9. The conversion process according to claim 1, characterized in that the regeneration product is selected as the catalyst for the first conversion reaction, and the regeneration product is obtained with a slurry method by subjecting the desulfurization waste agent resulting from use of iron oxide compound as desulfurizer to oxidation, vulcanization and oxidation.

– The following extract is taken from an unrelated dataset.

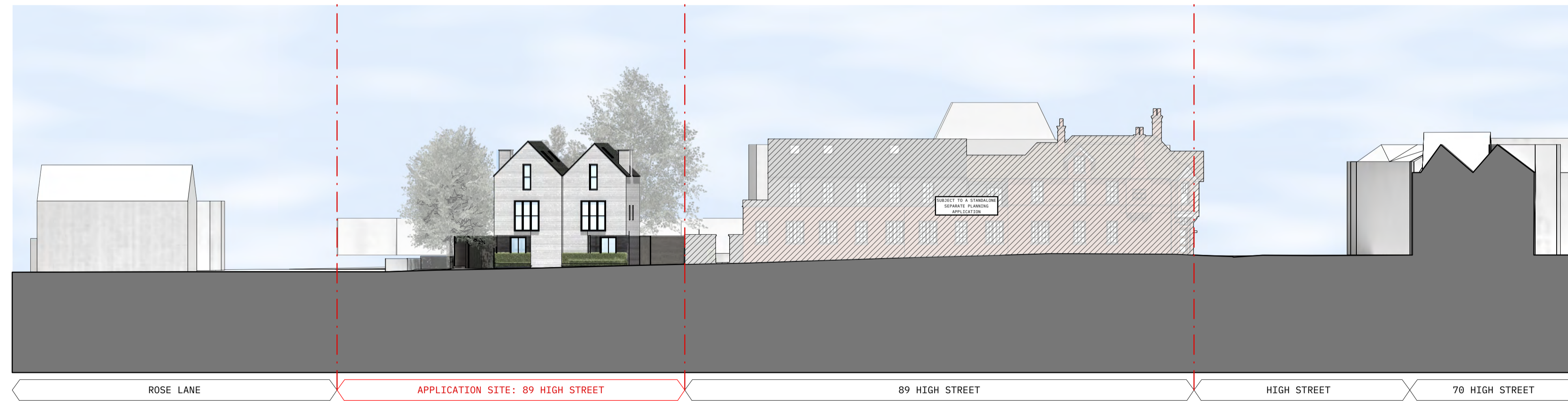
B Proposed Context Elevation GE.20 1:250 @ A1 1:500 @ A3

10. The conversion process according to claim 9, characterized in that the slurry method comprises the following steps: preparing a second slurry by mixing the desulfurization waste agent resulting from use of iron oxide compound as desulfurizer with water or an alkali solution; carrying out a first oxidation reaction by adding an oxidizing agent to the second slurry to obtain an oxidized slurry; carrying out a vulcanization reaction by adding a vulcanizing agent to the oxidized slurry to obtain a vulcanized slurry; carrying out a second oxidation reaction by adding an oxidizing agent to the vulcanized slurry; repeating the vulcanization reaction and the second oxidation reaction to obtain a final slurry; and subjecting the final slurry to solid-liquid separation to obtain the regeneration product.

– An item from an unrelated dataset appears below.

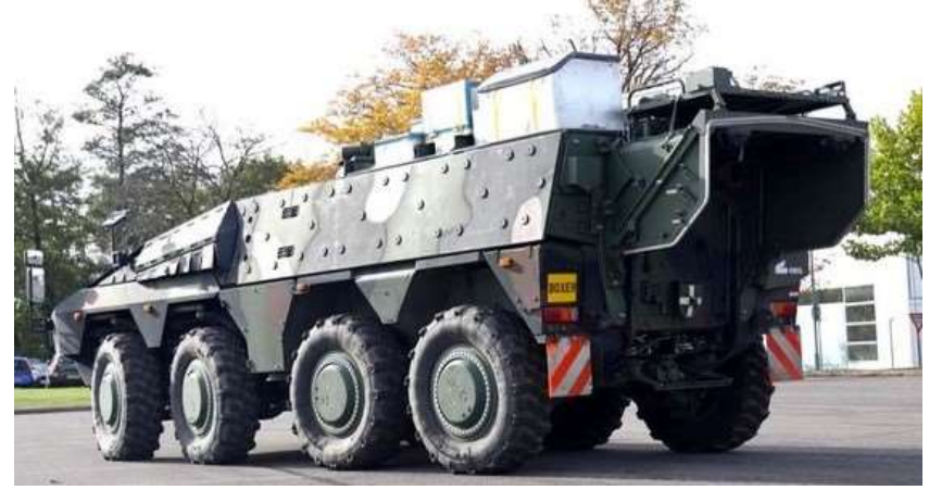
A chance for the Bn to check out Boxer at Mons Barracks, Aldershot

11. The conversion process according to claim 1, characterized in that the first conversion reaction is carried out at a reaction pressure of 5-22 MPa and a reaction temperature of 200-480° C.

12. The conversion process according to claim 11, characterized in that the first conversion reaction has a reaction time of no less than 15 min.

13. The conversion process according to claim 1, characterized in that the catalyst is present in an amount of 0.1 to 10% by weight in the first slurry; and the catalyst has an average particle diameter of from 0.1 μm to 5 mm.

14. The conversion process according to claim 1, characterized in that said carrying out a first conversion reaction by mixing the first slurry with a pure CO gas or a CO containing gas comprises the following steps: pressurizing and heating a pure CO gas or CO containing gas to a pressure of 5-22 MPa and a temperature of 150-600° C., then mixing with the first slurry in a reaction system to carry out a first conversion reaction.

15. The conversion process according to claim 1, characterized in that said carrying out a first conversion reaction by mixing the first slurry with a pure CO gas or a CO containing gas comprises the following steps: the pure CO gas or CO containing gas consisting of a first flow and a second flow, pressurizing and heating the first flow to a pressure of 5-22 MPa and a temperature of 150-600° C., then introducing the first flow though a first inlet into the first slurry in a reaction system to carry out a first conversion reaction, and pressurizing and heating the second flow to a pressure of 5-22 MPa and a temperature of 300-600° C., then introducing the second flow though a second inlet into the first slurry in a reaction system to carry out a first conversion reaction.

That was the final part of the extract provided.